What are buyer personas and how do you build them?
Buyer personas are descriptions of your ideal customer, as individuals. They have names, and you use real data to build and shape them, until they feel like a real person to you and your team. Three to five is usually enough to cover most of your target market in sufficient detail.
The information to include can often be quite detailed. You need to include enough that you can really start to understand them. As a starting point, you need to know who they are, what they value and how to communicate with them. These may include:
- Your persona needs a name, if he or she is to feel like a real person.
- Job title, size of company, and some details about what he or she does. You need to know their level of seniority, decision-making power and so on.

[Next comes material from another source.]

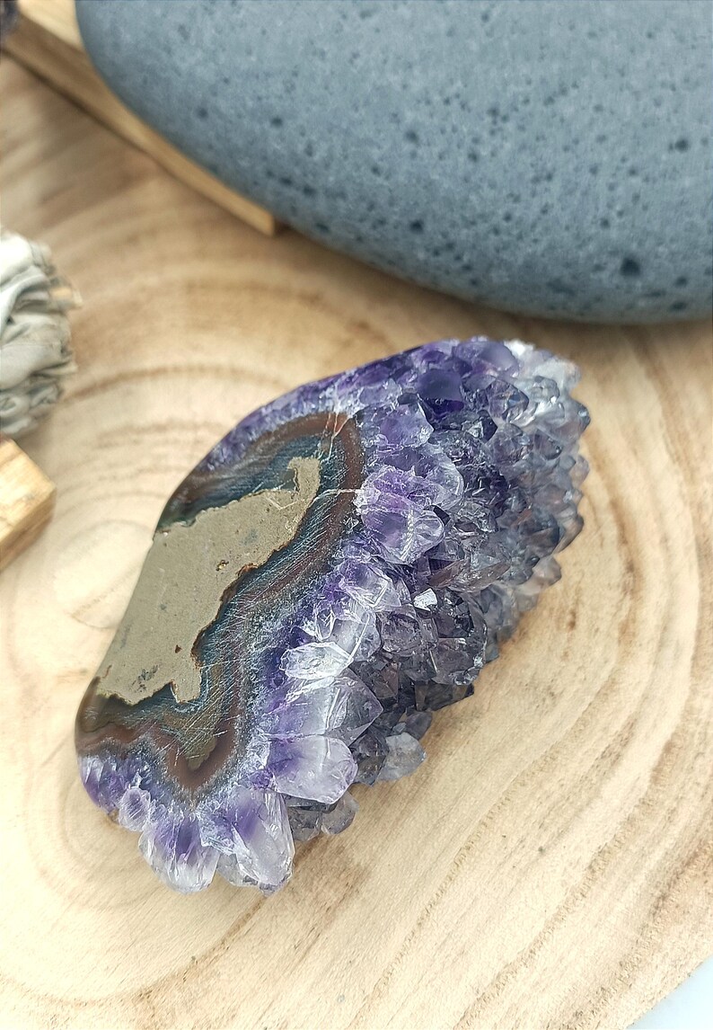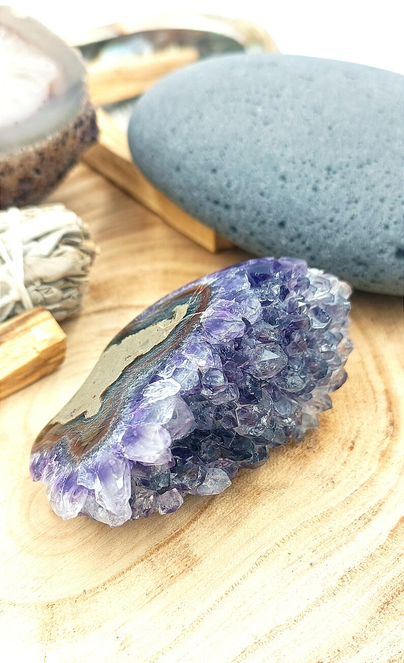 Pour la purification de votre Améthyste il existe plusieurs possibilités, en voici quelques une : fumigation ( palo santo, sauge blanche..), Druse, Géode, Géométrie sacrée …

- Demographics, including age, gender, salary or household income, family, level of education and location (urban, suburban or rural is enough).
- Their goals and challenges: what do they want to achieve, what is stopping them, and how you and your company can help.
- Their values and fears.
- Your marketing message and elevator pitch to them: how can you get your message across shortly and sweetly?
There may also be more information that your company needs, such as level of computer literacy, or what blogs someone reads, so this is a minimum list.
You may be wondering where you find all this information. The key is to use real data and real insights, and not just to make it up. Site analytics can provide useful information about where your customers come from, how they found you, and how long they stay on your site. Google Analytics also contains useful data, for example about demographics.
You should also draw on anyone in your company who has contact with customers, as they will have valuable insights to contribute. Market research information that has been commissioned will be useful here. You can also find your customers via social media, and have a look at what questions they are asking, and what content they are seeking, as this provides good data. The more real data that you can use, the better your ‘sketch’ will become, potentially moving from the equivalent of a stick figure to a decent portrait.
What are the key benefits to using buyer personas?
Perhaps the most important benefit is that buyer personas enable you, and all your team, to put yourselves into your customers’ shoes. When you’re shopping for a friend or relative, you picture them in your mind. With a persona, you can do the same thing with a customer. They become a friend, and you can tailor your content to them and their needs and wants.
With a better understanding of your customer from the analytics you have used to build up the persona, you’ll have improved your knowledge of where they spend time. You can target your content to the right places, instead of using a scattergun approach.
Personas also give you a common language about target customers across a business. If you have identified five personas, then you can discuss potential leads in terms of those personas, and others will understand what is likely to motivate them. This also helps to build better leads, and also to ensure that sales teams spend their time on the leads that are most likely to lead to sales. Finally, buyer personas also improve new product development, by enabling you to tailor new products to your customers’ wants and needs, which will help to keep them happy and save you having to spend so much time and energy on finding new customers.
Across the board, using buyer personas can help you to find new customers and also keep your existing customers happy. Getting to know your customers means that you can tailor content and products to them. It’s a massive win-win on so many levels.